Singapore Airlines will deploy the Airbus A380 to the Indian cities of Mumbai and New Delhi from late May. It will be the first carrier to do so, following the lifting of a ban by the Indian government against the superjumbo earlier this year.
New Delhi Indira Gandhi International Airport was the first airport in India to be “A380 ready” following the opening of Terminal 3 in 2010, while Chhatrapati Shivaji International Airport unveiled the new integrated Terminal 2 earlier this year (see here), which can also support the superjumbo.
Currently, SIA operates three daily flights to each city using the Boeing 777 family. Mumbai is serviced by two Boeing 777-200s and a Boeing 777-300ER, with the former model featuring a two-class configuration offering 38 seats in business and 228 in economy, and the latter three classes with eight seats in first, 42 in business and 228 in economy. New Delhi, on the other hand, is serviced by two Boeing 777-200s with the same configuration, and a B777-300 that offers eight seats in first, 50 in business and 226 seats.
Effective from May 30, the two B777-200 flights on each of the aforementioned routes will be replaced by one A380 flight, with the Boeing 777-300ER and B777-300 remaining.
That means represent a slight reduction of total seating capacity on both routes.
Dropping two B777-200 services represents the reduction of 532 seats per day (76 in business and 456 in economy) while each A380 that is being deployed comes with 471 seats – 12 suites in first class, 60 seats in business, and 399 in economy – resulting in a net loss of 61 seats per day for each of the cities. For the airline, however, as the superjumbo does offer a first class product, if the top premium seats are filled the revenue generated can offset the reduction of 16 seats in business, and 57 in economy in terms of yields.

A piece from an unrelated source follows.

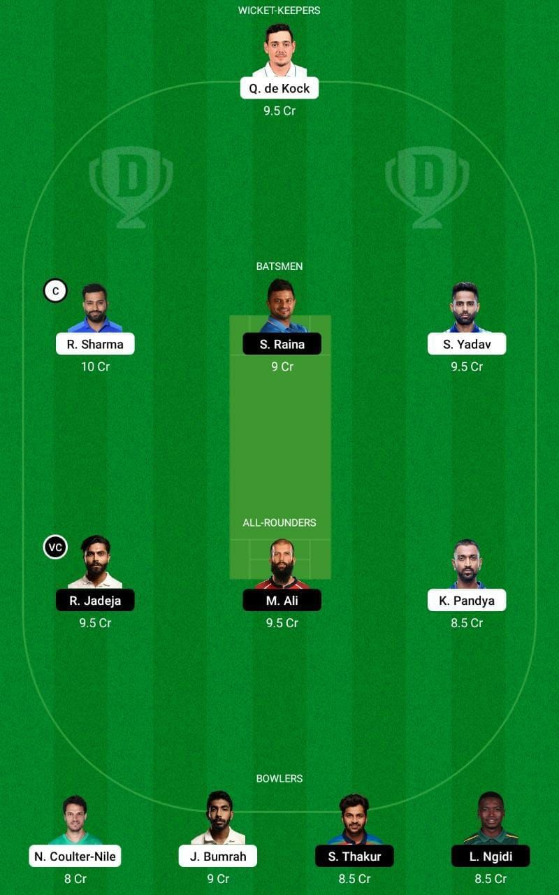 Fantasy Suggestion #1: Quinton de Kock, Rohit Sharma, Suryakumar Yadav, Suresh Raina, Ravindra Jadeja, Moeen Ali, Krunal Pandya, Jasprit Bumrah, Lungi Ngidi, Shardul Thakur and Nathan Coulter-Nile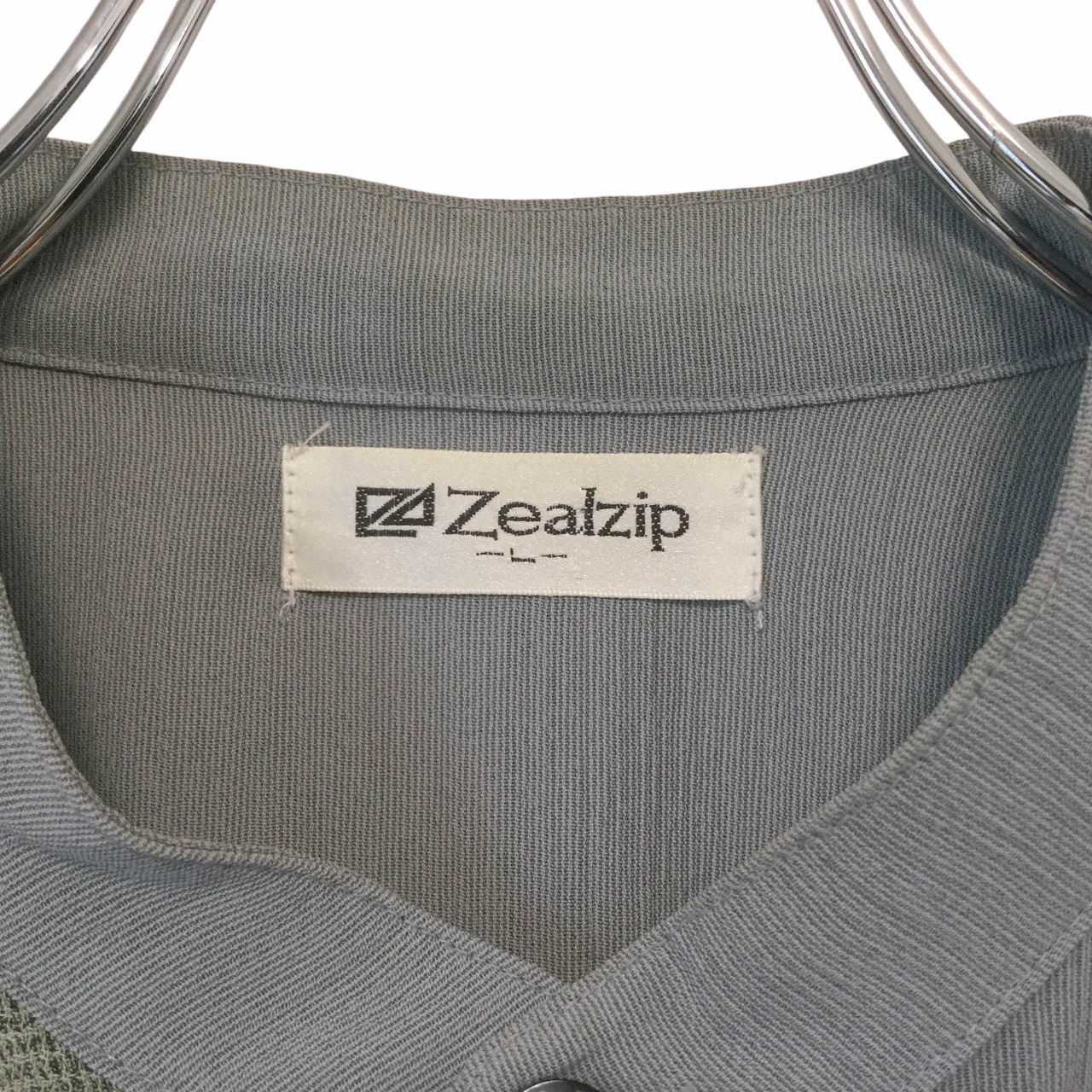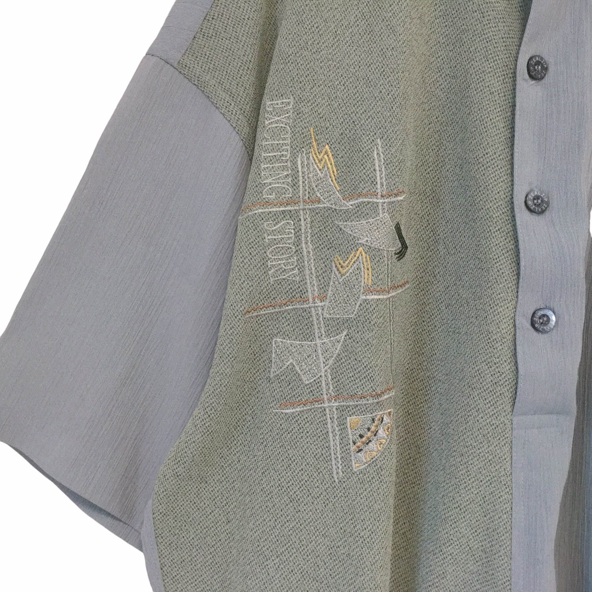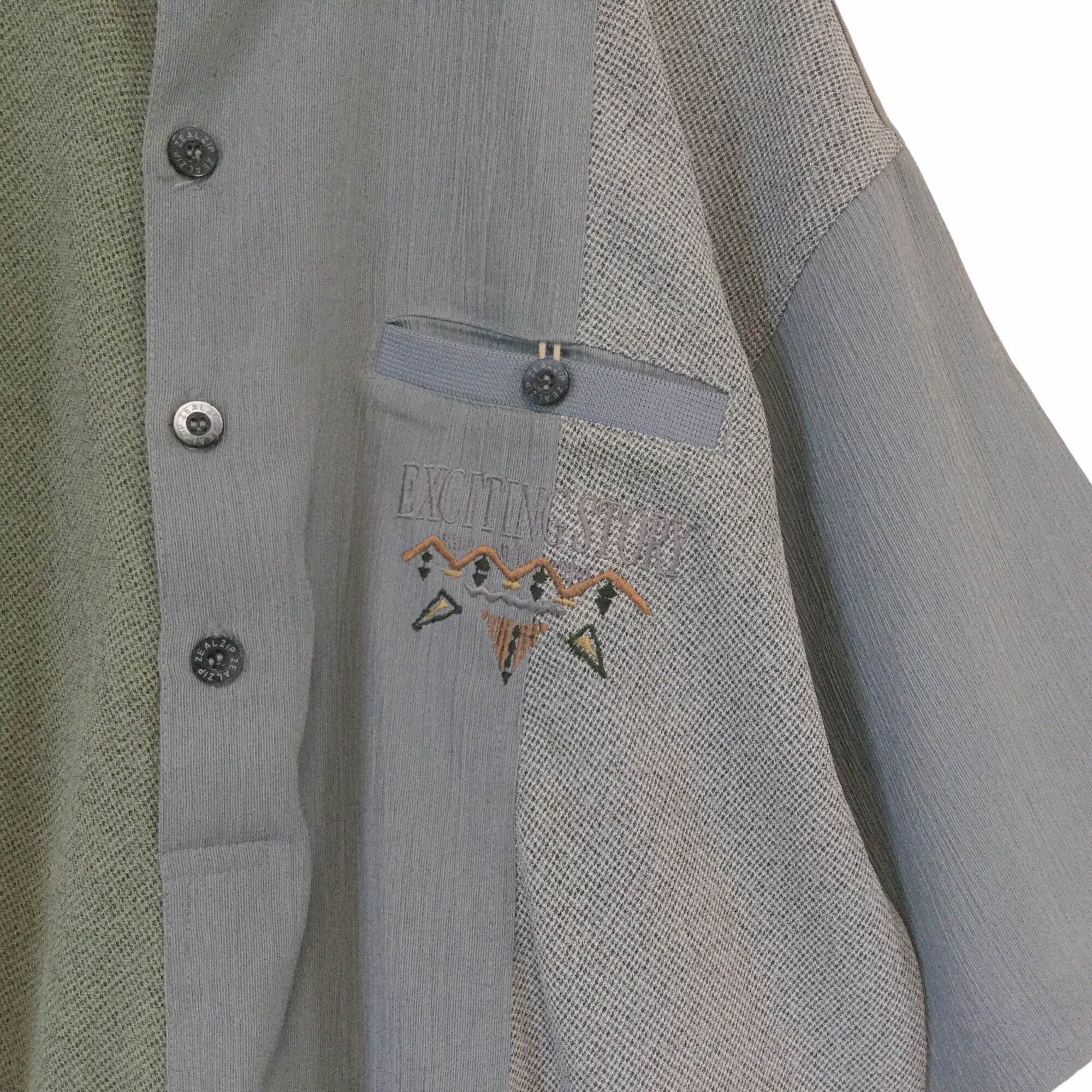 ZEALZIP 半袖ポロシャツ 刺繍デザイン 切り替えデザイン ツートンカラー レトロ柄 昭和レトロ ビンテージ風 メンズ Lサイズ グリーン 緑 ポリエステル素材 古着 カジュアル ゆったりシルエット 刺繍

“The A380’s larger capacity means that we are able to carry a similar number of passengers with fewer flights on these routes. This is operationally more efficient for the airline and the airport,” said a SIA spokesperson.
The A380 is designed to be fuel efficient, but the size of it also means it is more difficult to achieve a good passenger load. Replacing two B777-200s with a superjumbo makes sense for the airline, although it takes away flight schedule flexibility from customers.